Fans Talk: “Rock, Paper, Scissors, Lizard, Spock”


“Ooh, I don’t think so. No, anecdotal evidence suggests that in the game of rock-paper-scissors, players familiar with each other will tie 75 to 80% of the time due to the limited number of outcomes. I suggest rock-paper-scissors- lizard-Spock.”
-- Sheldon Cooper

The suggestion heard ‘round the world. Fan raised eyebrows the day this episode aired, all the way back in Season 2, and they still haven’t stopped talking about the possibilities the new game presents: for the classic rock-paper-scissors itself, or for re-inventing known game classics all over the place.
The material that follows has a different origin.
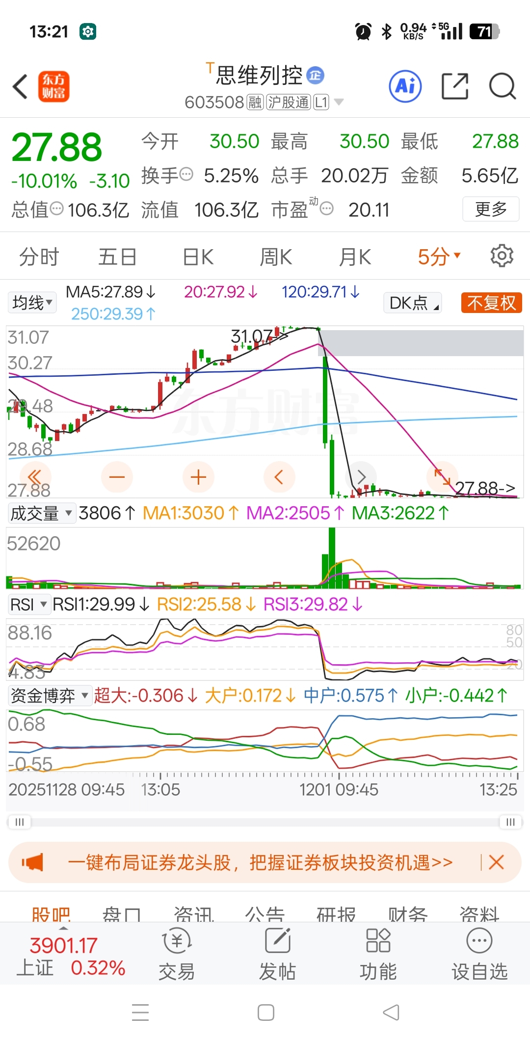 $思维列控(SH603508)$ 五分钟线是不是跟日线相相像。

I present: rock-paper-scissors-lizard-Spock.

In Season 2, episode 8, the “Lizard-Spock” expansion, the title means precisely what it says: Sheldon suggests, to decide what movie they should watch one night, to settle the tiff with a round of rock-paper-scissors…lizard, Spock. On the premise the ordinary match would lead to a tie, the roommates and Raj prepare for a three-person expanded version. The game works as follows:

“It’s very simple. Look, scissors cuts paper. Paper covers rock. Rock crushes lizard. Lizard poisons Spock. Spock smashes scissors. Scissors decapitates lizard. Lizard eats paper. Paper disproves Spock. Spock vaporizes rock. And as it always has, rock crushes scissors.”
-- Sheldon Cooper

Before I could wonder as to how paper disproves Spock (nothing disproves Spock), the boys drew their choices and came up with--shocker of all shockers--Spock’s hand-symbol. I didn’t have to be Dr. Cooper to guess the concurrent odds of that happening.

In fact, the fans enjoyed the amendment so much it reared its head again in two later episodes. Next, when Sheldon and Howard bicker over a comic book later in the season (Howard suggests the game, but Sheldon ironically decides not to gamble his chances with the issue. I guess he learned from last time). Then, not until Season 5, when Sheldon finds himself in another argument with the insufferable Kripke and Raj suggests they solve their dilemma lizard-Spock style. Kripke leads the two of them to explain the game a few times (talk about tongue twisters) before they realize he’s teasing them and doesn’t plan on playing.

I guess he just didn’t know what he was missing.